Au Caffè in Gamba

La transmission n’est en rien un processus linéaire.

Ce matin, le 30 août, mon manuscrit achevé que je remettrai demain à mon éditeur, je m’apprête à (vous) écrire sans trop m’y être préparé; je reviens de quatre jours de relecture et d’élagage dudit manuscrit dans une auberge du bas du fleuve, entre Rivière-du-Loup et Cacouna, et je dois tout de même commencer à rédiger cette chronique alors que je sais qu’on ne la lira qu’en novembre… que la liront les rares spécimens qui se tapent le numéro entier de la revue et dont je salue la vaillance, ceux qui ne lisent que quelques chroniques ici et là et peut-être la mienne, et – Ô jactance! – ceux qui aiment… me lire moi. Des aficionados? En aurais-je? Les chroniqueurs littéraires ne savent jamais, contrairement aux joueurs de soccer dans leurs stades, s’ils ont leurs tifosi et pourtant, c’est pour ceux-là qu’inlassablement on écrit, qu’on joue, pour ceux et celles qui nous suivraient et qui pour nous retrouver auraient peut-être attendu la parution de la revue, auront jugé que sa livraison prend du retard… auront peut-être réservé leur exemplaire dans une librairie ou, s’ils sont abonnés, se seraient mis à surveiller l’arrivée du facteur… pendant qu’il passe encore.

Et soudain, là, écrire en été (on annonce une canicule dans les jours qui viennent) pour n’être lu qu’en hiver, ça me coupe l’inspiration, le précis d’un sujet m’échappe, j’avance à vue, sans actualité ni mobile.
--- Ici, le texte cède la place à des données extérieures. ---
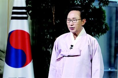 圖為:韓國總統(tǒng)李明博身著傳統(tǒng)韓服發(fā)表新年致辭(資料圖)
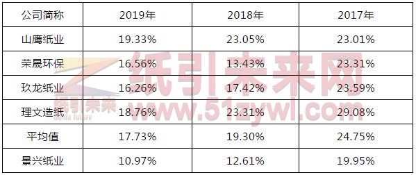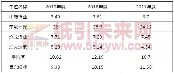 數(shù)據(jù)來源:各公司公告整理,山鷹紙業(yè)尚未披露年報,表格中為2019年前三季度數(shù)據(jù),另玖龍紙業(yè)年度報告財務(wù)報告期為上年六月末至本年六月末,已相應(yīng)調(diào)整。
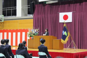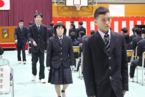 在校生・保護者・来賓・教職員が見守る中、卒業生たちは緊張した面持ちで入場し、卒業生が壇上で卒業証書を受け取る姿には、一人ひとりのこれまでの努力と成長の歩みが感じられました。
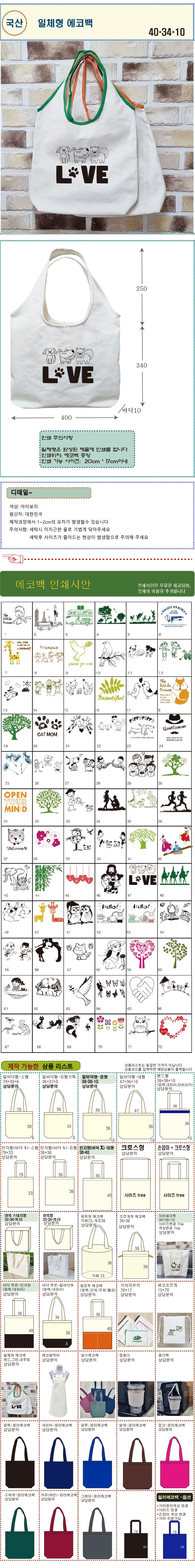 국산 일체형 에코백 400*340*100

Normalement je m’en fous de ce décalage de trois mois, je vous cause préparé, ayant lu des choses, mais là je me sens comme la cigale, la bise est venue mais je ne chantais même pas… j’écrivais mon livre pardi! et puis tant pis, fort dépourvu, je me passerai de la fourmi dont on sait tous depuis le XVIIe siècle qu’elle n’est pas prêteuse…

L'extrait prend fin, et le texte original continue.